Cross-lingual Speech Emotion Recognition (SER) is frequently hindered by speaker-specific prosodic variations that obscure universal emotional cues. Standard models often fail to generalize across languages due to the domain shift caused by differing acoustic standards. To address this, we present a novel SER approach that integrates unsupervised speaker adaptation directly at inference time. Our architecture utilizes a frozen, pretrained HuBERT encoder and introduces a Greedy Cluster Assignment Algorithm. This method groups a speaker’s utterances to form emotion-dependent centroids, enforcing speaker-consistent labeling without the computational cost of retraining. We evaluated this approach in a cross-lingual setting using the Polish nEMO dataset, which was excluded from training. Our method achieved the best performance in the POL-EVAL 2025 Task 4, improving the Macro F1 score from 0.619 to 0.753 on validation data and securing 1st place on the official leaderboard. Results demonstrate that inference-only clustering effectively disentangles ambiguous high-arousal categories, such as Fear and Surprise, by calibrating to the individual speaker’s vocal range.

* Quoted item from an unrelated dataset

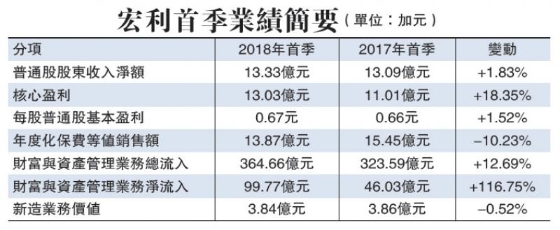 【大公報訊】記者邵淑芬報道:宏利(00945)宣布,2018年首季普通股股東收入淨額為13.33億(加元,下同),按年上升1.83%;核心盈利則上升18.35%至13.03億元。每股普通股基本盈利0.67元,派每股普通股股息0.22元。值得留意的是,新造業務價值按年錄得輕微倒退,跌0.52%至3.84億元;亞洲新造業務價值則增長1%至3.25億元。

Zero-Shot Transfer of Pretrained Speech Representations for Multilingual Emotion Recognition
Tomasz Kuczyński
Tomasz Kuczyński
Speech emotion recognition remains a challenging task, particularly in low-resource language settings. In this work, we explore the development of a system capable of identifying emotional states in Polish speech using training data exclusively from other languages. Our approach relies on a pretrained speech representation model and follows a strict zero-shot training paradigm, enabling cross-lingual knowledge transfer without access to any Polish data. The system was developed in the context of the Polish Speech Emotion Recognition Challenge (PolEval 2025), which required participants to train models solely on multilingual resources and evaluate them on Polish speech in a zero-shot setup. We present a complete solution encompassing model selection, audio preprocessing, and fine-tuning strategy, and discuss the potential of large-scale language models for cross-lingual emotion recognition.